Мёрс Каннингем. Кое-что из того, что он сказал мне и не сказал
Мёрс Каннингем был выдающимся танцором, и я имел большое удовольствие и привилегию танцевать рядом с ним несколько лет. Чем больше я был обеспокоен, тем меньше слов было нужно ему. Первое, что отпечаталось у меня в памяти, это – элегантное животное, и только потом его быстрый ум. Его вербальные ограничения были в самом деле заметны, и также известно, что они часто были целенаправленными.
Во время моего первого выступления с Компанией в Бруклинской Академии музыки я вышел на сцену, направляясь прямо к нему, но немного раньше музыки. Немедленно почувствовав свою ошибку, я выкручивался, как мог… Но никогда не услышал ни слова от него о том случае. Через год я отрастил бороду. Настоящую, оранжево-красную. Нелепую. Гротескную.
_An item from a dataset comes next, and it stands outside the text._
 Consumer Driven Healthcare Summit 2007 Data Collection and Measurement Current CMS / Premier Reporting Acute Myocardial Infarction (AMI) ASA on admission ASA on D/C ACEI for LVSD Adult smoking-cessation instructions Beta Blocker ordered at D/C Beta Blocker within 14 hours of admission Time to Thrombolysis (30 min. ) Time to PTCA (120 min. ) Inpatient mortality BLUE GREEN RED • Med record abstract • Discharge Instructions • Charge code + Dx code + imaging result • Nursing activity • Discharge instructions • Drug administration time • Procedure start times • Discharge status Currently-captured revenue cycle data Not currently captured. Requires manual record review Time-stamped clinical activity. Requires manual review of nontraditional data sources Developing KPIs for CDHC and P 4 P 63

И опять – ни слова.
В Дюссельдорфе он дал мне не больше, чем пять минут лексического материала для выступления продолжительностью в час или даже больше. Мы выступали в большом квадратном бальном зале. Зрители толпой стояли по всем четырем углам центрального танцпола. В каждом из углов стояло высокое растение в горшке. Пока я ждал выхода, я оттолкнул одно из этих растений вдоль стены и затем назад, очень-очень-очень медленно. Вершина горшка и крона передвигающегося дерева были видны фоном как минимум половине зрителей. Без комментариев с его стороны. Тогда или когда-либо еще.
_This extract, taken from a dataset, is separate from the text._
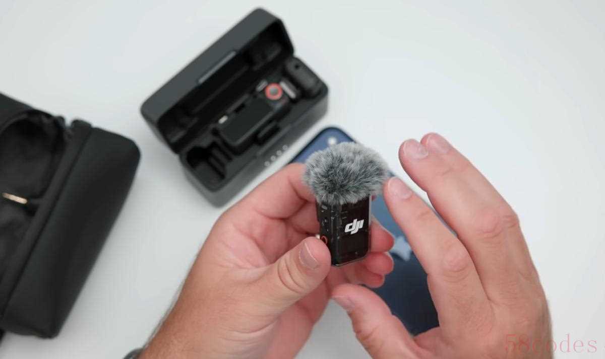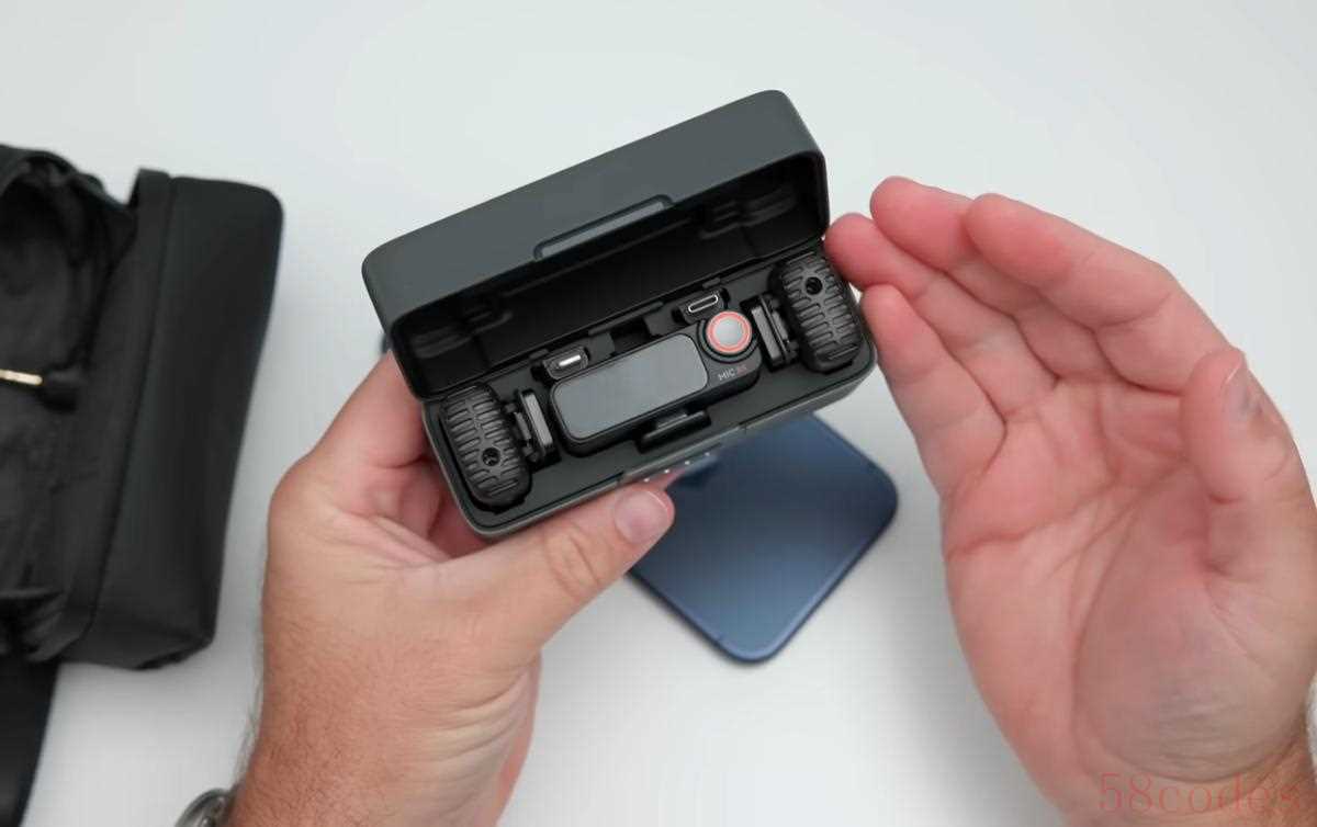 虽说前面提了三脚架,但外出时我还会用麦克风 —— 有时候 iPhone 自带麦克风效果不好,或者遇到大风天气,这时 DJI Mic 2 就派上用场了。这款麦克风我也用了好几年,现在有不同版本可选,价格大概 300 美元左右,实用性很高。它是无线麦克风,你们看,这里有磁吸设计,能吸在衣服上,也能直接夹着用,特别方便。它可以直接连这个接收器,再插 iPhone 使用,但我一般不用接收器 —— 因为麦克风本身就带录音功能,录完后用 USB-C 线连电脑或剪辑设备,就能把音频导出来,和 iPhone 或相机拍的画面同步,特别好用,我非常推荐。

В течение тура по Франции в 70-х статья Карлоса Кастанеды в журнале передавалась в автобусе по сиденьям. Она рассказывала о продвинутом покорителе вершин, который двигался ступенька за ступенькой, не обращая внимания на то, что вершина все еще абсолютно не видна. После того как некоторые из нас прочитали статью и обсуждали ее, Мерс сказал: «Подобное мне знакомо».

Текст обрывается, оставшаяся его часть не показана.